- Location in Jo Daviess County
- Jo Daviess County's location in Illinois
- Coordinates: 42°14′35″N 90°02′18″W﻿ / ﻿42.24306°N 90.03833°W
- Country: United States
- State: Illinois
- County: Jo Daviess
- Established: November 2, 1852

Government
- • Supervisor: Phyllis Miccolis

Area
- • Total: 36.58 sq mi (94.7 km^{2})
- • Land: 36.58 sq mi (94.7 km^{2})
- • Water: 0 sq mi (0 km^{2}) 0%
- Elevation: 676 ft (206 m)

Population (2020)
- • Total: 215
- • Density: 5.88/sq mi (2.27/km^{2})
- Time zone: UTC-6 (CST)
- • Summer (DST): UTC-5 (CDT)
- ZIP codes: 61028, 61053, 61085
- FIPS code: 17-085-60664

= Pleasant Valley Township, Illinois =

Pleasant Valley Township is one of 23 townships in Jo Daviess County, Illinois, United States. As of the 2020 census, its population was 215 and it contained 142 housing units.

==Geography==
According to the 2021 census gazetteer files, Pleasant Valley Township has a total area of 36.58 sqmi, all land.

===Cemeteries===
The township contains Plum River Catholic Cemetery. This Cemetery was originally St Patrick's Catholic Cemetery attached to the north to a church with the same name. That church was eliminated about 1936 by Father Anthony Schumecht.
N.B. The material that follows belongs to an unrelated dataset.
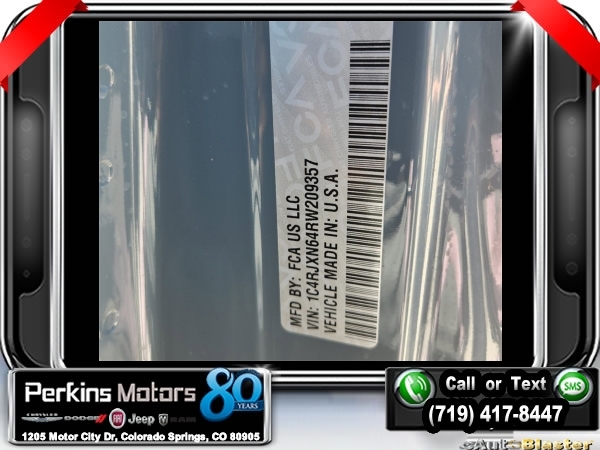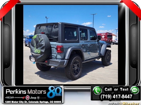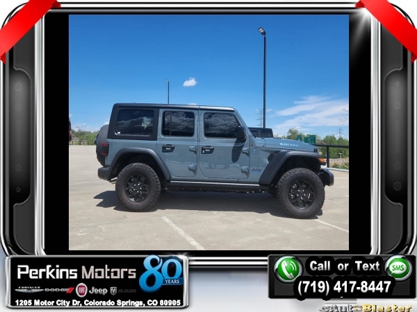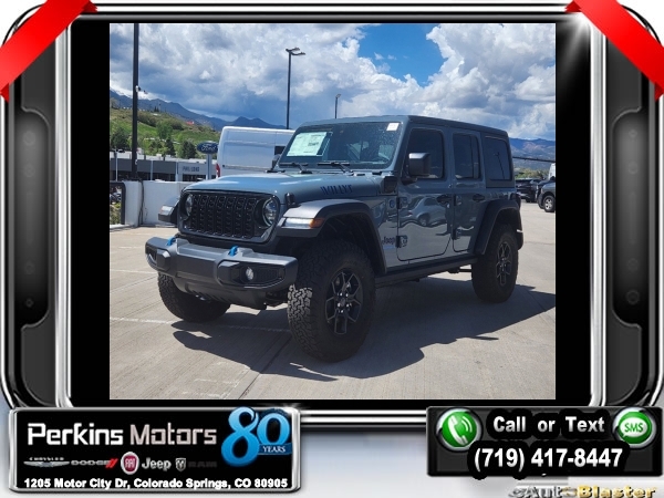 Factory MSRP: $64,305 $10,048 off MSRP! Priced below KBB Fair Purchase Price! Anvil Clear Coat 2024 Jeep Wrangler Willys 4xe 4WD 8-Speed Automatic 2.0L I4 DOHC<br>2.0L I4 DOHC.<br>Check us out at www.perkinsmotors.com to see our specials! Since opening our doors in 1944, we’ve been proud to serve Colorado Springs, CO, and the surrounding areas of Pueblo, Castle Rock and Denver, CO. Throughout this time of being family owned for 80 years, we’ve maintained a firm commitment to our customers: to offer a wide selection of New Chrysler, Dodge, Fiat, Jeep, and Ram vehicles and quality pre-owned vehicles, and provide a quick, no-hassle car-buying process that ensures everyone drives off the lot satisfied with their purchase.<br><br>Convenience Group (2-Door Passive Entry, Front Door Locks and Universal Garage Door Opener), Quick Order Package 29W Willys (7 & 4 Pin Wiring Harness, Black Grille, Conventional Differential Front Axle, Wheels: 17 x 7.5 Painted Black, and Willys 4xe Hood Decal), Safety Group (Auto High Beam Headlamp Control, Blind Spot & Cross Path Detection, and LED Taillamps), Technology Group (Alpine Premium Audio System), 2.0L I4 DOHC, 3.73 Rear Axle Ratio, 4-Wheel Disc Brakes, 8 Speakers, ABS brakes, Air Conditioning, Alloy wheels, Apple CarPlay/Android Auto, Automatic temperature control, Black 3-Piece Hard Top, Brake assist, Cloth Low-Back Bucket Seats, Compass, Cruise Control, Delay-off headlights, Driver door bin, Driver vanity mirror, Dual front impact airbags, Dual front side impact airbags, Electronic Stability Control, Front anti-roll bar, Front Bucket Seats, Front Center Armrest w/Storage, Front dual zone A/C, Front fog lights, Front reading lights, Fully automatic headlights, Heated door mirrors, Illuminated entry, Integrated roll-over protection, Low tire pressure warning, Occupant sensing airbag, Outside temperature display, Overhead airbag, Panic alarm, ParkView Rear Back-Up Camera, Passenger door bin, Passenger vanity mirror, Power door mirrors, Power steering, Power windows, Radio data system, Radio: Uconnect 5 w/12.3 Display, Rear anti-roll bar, Rear reading lights, Remote keyless entry, Security system, Split folding rear seat, Sport Suspension, Steering wheel mounted audio controls, Tachometer, Telescoping steering wheel, Tilt steering wheel, Traction control, Trip computer, Variably intermittent wipers, Voltmeter, and Wheels: 20 x 8 Machined/Painted Gray. Sale price includes all manufacture's incentives and dealer discounts. Sale price not available on lease or compatible with special APR. $3000 - 2024 DJR National Retail Consumer Cash 24CR1. Exp. 06/03/2024 $3750 - Federal EV Tax Credit. Exp. 12/31/2024

The cemetery has been GPR'd and an ArcGIS database published. https://arcg.is/1X8vH9 . About 50 graves have been located without identification.

===Major highways===
- Illinois Route 78 north towards Stockton and south towards Mount Carroll

==Demographics==
As of the 2020 census there were 215 people, 107 households, and 79 families residing in the township. The population density was 5.88 PD/sqmi. There were 142 housing units at an average density of 3.88 /sqmi. The racial makeup of the township was 93.95% White, 0.00% African American, 0.93% Native American, 0.00% Asian, 0.00% Pacific Islander, 0.47% from other races, and 4.65% from two or more races. Hispanic or Latino people of any race were 2.33% of the population.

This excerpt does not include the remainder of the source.